Not just because Chevy was the first automaker to integrate Siri Eyes Free into its budget-oriented Sonic and Spark models, but because MyLink would be the perfect conduit for iOS in the Car. It's a stripped-down, bare-bones system with limited functionality, acting more like a dumb screen than a full-fledged infotainment system. And that's exactly the kind of portal iOS in the Car needs – a basic system that essentially acts as a screen to serve as a new version of iPod-out (or even Airplay).

That's unlike the more technologically advanced systems from Cadillac, BMW and Ford, none of which were on the list. Those automakers have the cash and resources to spend to develop their own systems, unlike brands like Jaguar and Hyundai that have been straining to bring out their own offerings.

"Creating this on your own requires a lot of resources and very few systems are at the same level of mobile operating systems," said Thilo Koslowski, vice president and automotive analyst at Gartner. "Some of the companies that were [announced at WWDC] are ones that don't have a lot of resources to do this on their own.
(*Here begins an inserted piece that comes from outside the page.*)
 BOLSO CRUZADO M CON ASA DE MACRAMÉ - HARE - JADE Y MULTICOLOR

These are companies that are struggling to get solutions to the market."

But that struggle isn't just limited to creating their own infotainment offerings. It's about getting Apple's services, nestled within its walled garden, to live happily inside each automaker's own walled garden.

Of the nine automakers that were splashed across the screen at last year's WWDC during the announcement of Siri Eyes Free – the voice-controlled integration of your phone with your car – only two have brought the functionality to market, with BMW promising integration later this year.
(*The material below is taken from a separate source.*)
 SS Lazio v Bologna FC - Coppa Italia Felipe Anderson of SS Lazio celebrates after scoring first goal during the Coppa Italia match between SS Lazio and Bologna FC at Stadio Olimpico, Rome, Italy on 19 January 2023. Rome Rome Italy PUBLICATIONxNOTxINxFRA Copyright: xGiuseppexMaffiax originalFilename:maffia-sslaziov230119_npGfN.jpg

Because of the long development cycles required to engineer and manufacturer a vehicle, it's hard for automakers and their suppliers to quickly implement new features at the pace we've come to expect from consumer electronics. But by ceding some control to a third party – in this case, Apple – automakers could integrated the latest and greatest with a minimum of outlay on their own. And this is likely the opening salvo in a larger initiative that starts with Apple.
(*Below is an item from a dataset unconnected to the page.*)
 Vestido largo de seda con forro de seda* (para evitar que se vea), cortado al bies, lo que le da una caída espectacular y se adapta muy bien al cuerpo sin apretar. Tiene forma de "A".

"We got a taste of this last year with Siri integration, but [Apple] wasn't quite ready to announce an automotive grade system," Koslowski said of the iOS in the Car announcement. "With iOS 7 they are."

But there are a series of technical hurdles for Apple, automakers and suppliers to overcome to allow the complete iOS takeover of your dash. How will it take over the embedded display? How much control are automakers willing to cede to an outside party? How willing are suppliers to work iOS integration into their products? And how can the system keep distractions to a minimum while offering the features its customers expect?

None of those questions have been answered by any of the automakers Wired reach out to for comment. Instead, we received the same statement below from Honda, Hyundai/Kia, Nissan/Infiniti and Mercedes-Benz:

We look forward to bringing iOS in-car integration to our lineup next year. With enhanced in-car integration, users will be able to interact using their voice with Siri or the car's built-in controls to make phone calls, access their music, send and receive messages and get directions. Supporting cars will be available starting in 2014.

One source at an automaker confided that, "I don't know exactly how it's going to work." That's an eerily similar sentiment echoed by most automakers we asked after last year's announcement of Siri Eyes Free.

Technical challenges aside – and there are a slew of them – iOS in the Car is the first major move by a consumer electronics company to bring the features of your phone directly into your vehicle. It picks up where MirrorLink has failed and where Google has yet to compete.

"Apple talked about this as being an OS for the infotainment head unit," says Koslowski. "And it's a pretty bold move."